Netflix personalizes the experience for each member and this is achieved by several machine learning models. Our team builds infrastructure that powers these machine learning pipelines; primarily using Spark for feature generation and training. In this talk, we discuss two different Spark related problems and their solutions. - Memory optimization: our spark jobs can consume upwards of ten terabytes of memory. To optimize this memory footprint, we implemented an in memory cache that shares resources between different tasks in the same executor. We achieve this by using a combination of singletons, broadcast variables and task completion listeners. This implementation reduced the memory footprint by more than 20 percent. - Reliable metrics: we make use of several metrics that help debug different stages and sub-components of the pipelines. Spark accumulators can be cumbersome to use for metric computations, especially in scenarios where the spark process fails mid way during execution. We will describe solutions using spark listeners to solve this problem. This metric granularity helps reduce the time to debug complex jobs.
Personalization is one of the key pillars of Netflix as it enables each member to experience the vast collection of content tailored to their interests. Our personalization system is powered by several machine learning models. These models are only as good as the data that is fed to them. They are trained using hundreds of terabytes of data everyday, that make it a non-trivial challenge to track and maintain data quality. To ensure high data quality, we require three things: automated monitoring of data; visualization to observe changes in the metrics over time; and mechanisms to control data related regressions, wherein a data regression is defined as data loss or distributional shifts over a given period of time.
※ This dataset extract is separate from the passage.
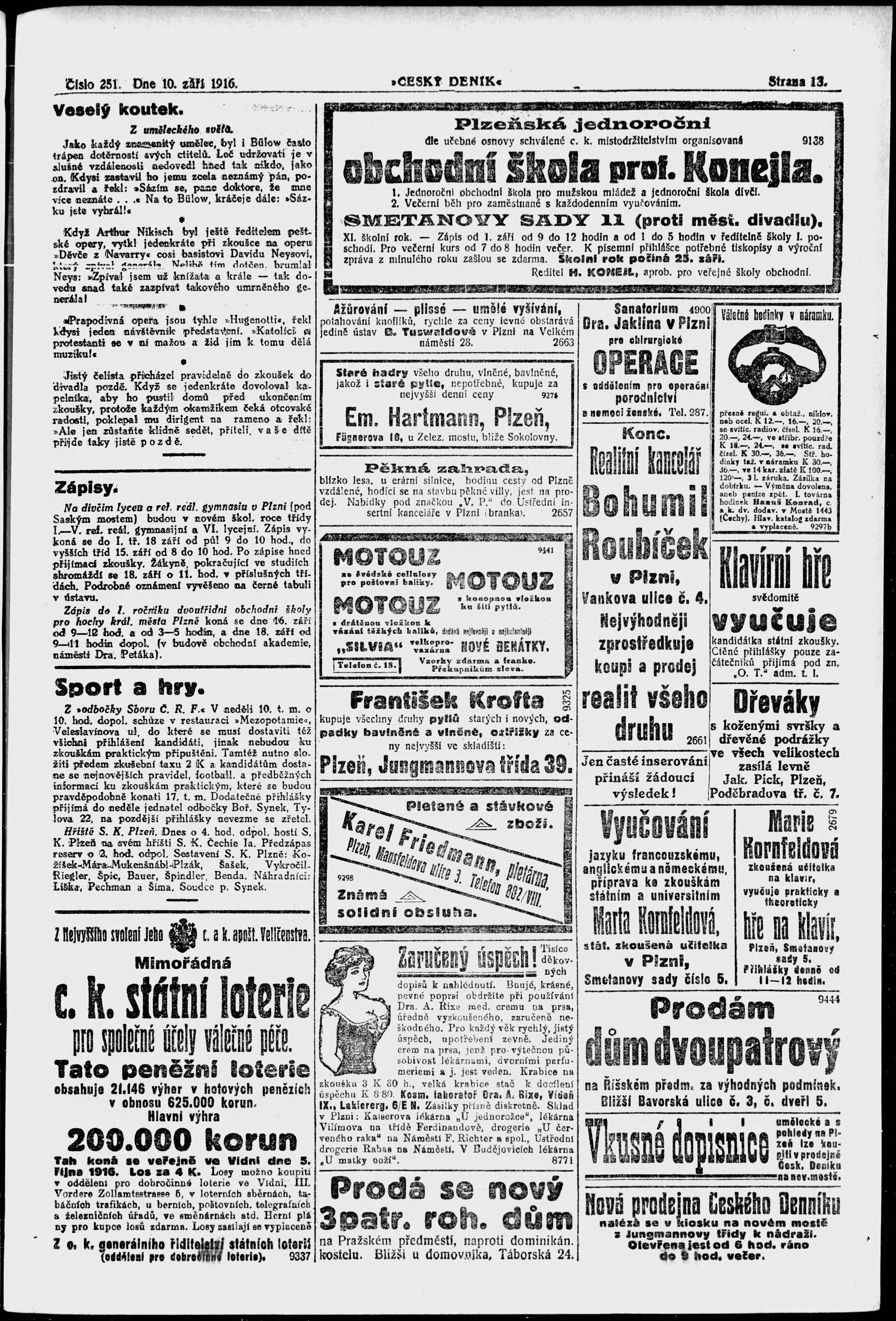 * Datum vydání výtisku: 10.9.1916 Číslo výtisku: 251

In this talk, we will describe infrastructure and methods that we used to achieve the above: - 'Swimlanes' that help us define data boundaries for different environments that are used to develop, evaluate and deploy ML models, - Pipelines that aggregate data metrics from various sources within each swimlane - Time series and dashboard visualization tools across an atypically larger period of time - Automated audits that periodically monitor these metrics to detect data regressions. We will explain how we run aggregation jobs to optimize metric computations, SQL queries to quickly define/test individual metrics and other ETL jobs to power the visualization/audits tools using Spark.'